Stored data:
*** Block opens ***

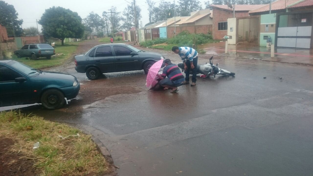 Uma motociclista ainda não identificada sofreu ferimentos após escorregar em pedras que foram colocadas para tapar um buraco na Rua 22 esquina com a Rua 28 no bairro Nova Campo Grande. O acidente que aconteceu no início da manhã causou várias escoriações.
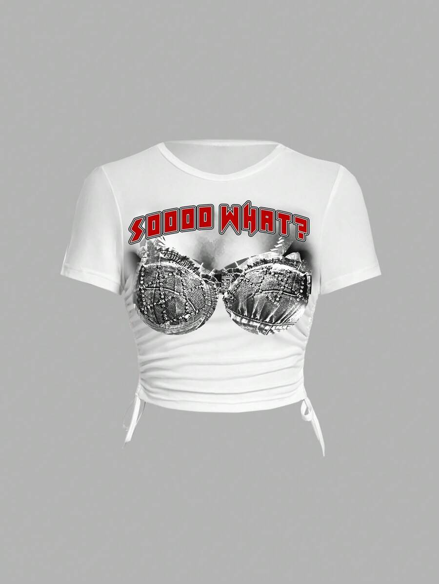 SHEIN EZwear Women's Letter Printed Side Drawstring T-Shirt With 3d Effect
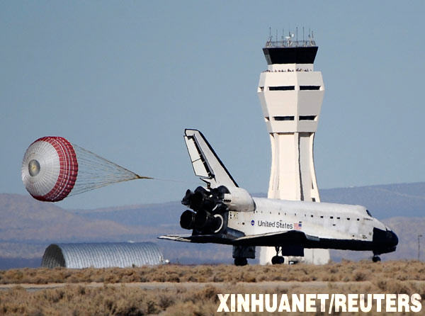 美國(guó)西部時(shí)間30日13時(shí)25分左右(北京時(shí)間12月1日5時(shí)25分左右),位于洛杉磯以北160公里的愛(ài)德華茲空軍基地晴空萬(wàn)里,“奮進(jìn)”號(hào)航天飛機(jī)拖著橙色降落傘順利降落在機(jī)場(chǎng)跑道上。
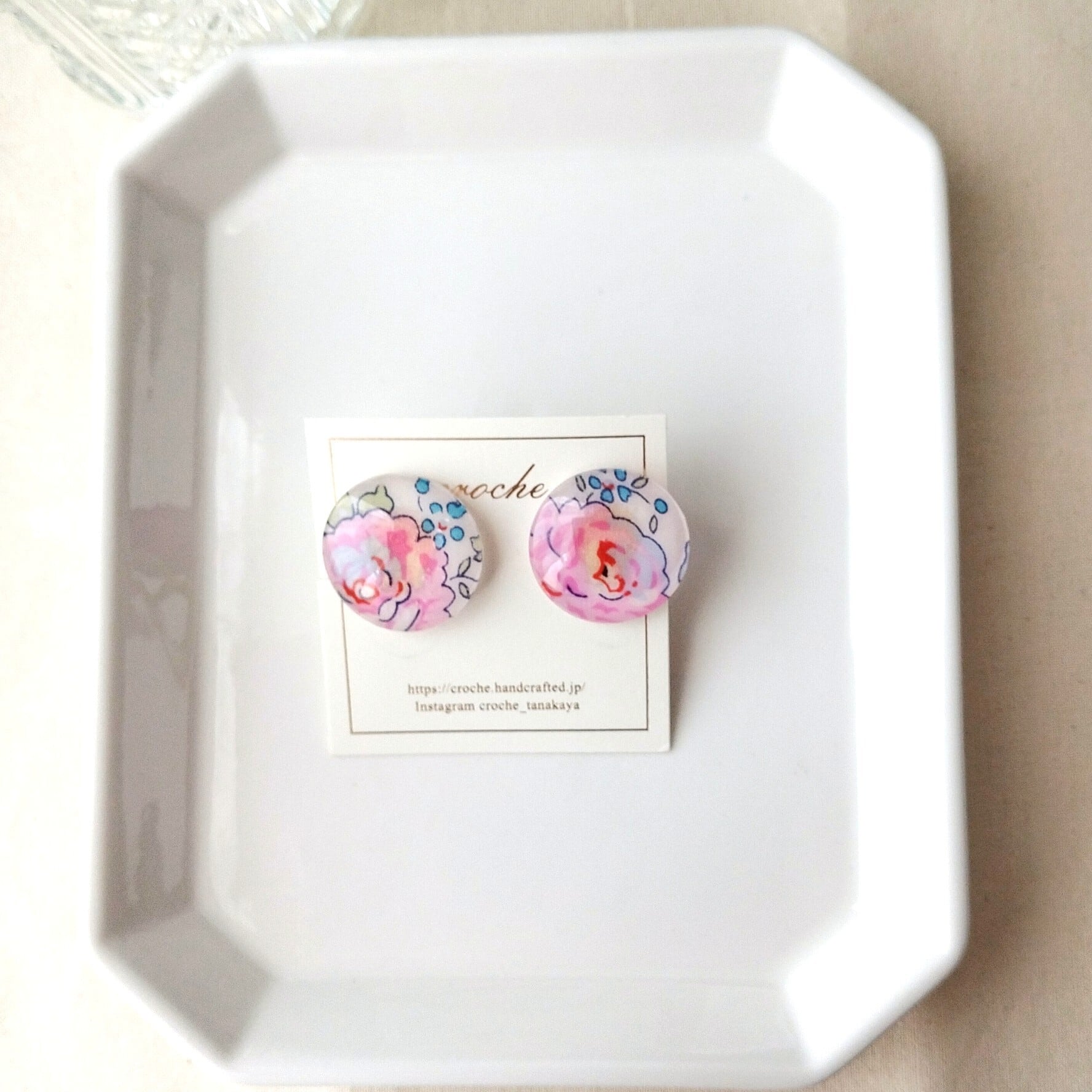 明るいピンク色の花柄リバティ生地を、存在感のあるサイズの丸型のガラスに閉じ込めた、シンプルなデザインのイヤリング。

*** Block closes ***

About this exercise: What you return should be the exact lines from the one containing "美國(guó)西部時(shí" through the end of the listing above, both included, minus any pictures.

Completed task:
 美國(guó)西部時(shí)間30日13時(shí)25分左右(北京時(shí)間12月1日5時(shí)25分左右),位于洛杉磯以北160公里的愛(ài)德華茲空軍基地晴空萬(wàn)里,“奮進(jìn)”號(hào)航天飛機(jī)拖著橙色降落傘順利降落在機(jī)場(chǎng)跑道上。
 明るいピンク色の花柄リバティ生地を、存在感のあるサイズの丸型のガラスに閉じ込めた、シンプルなデザインのイヤリング。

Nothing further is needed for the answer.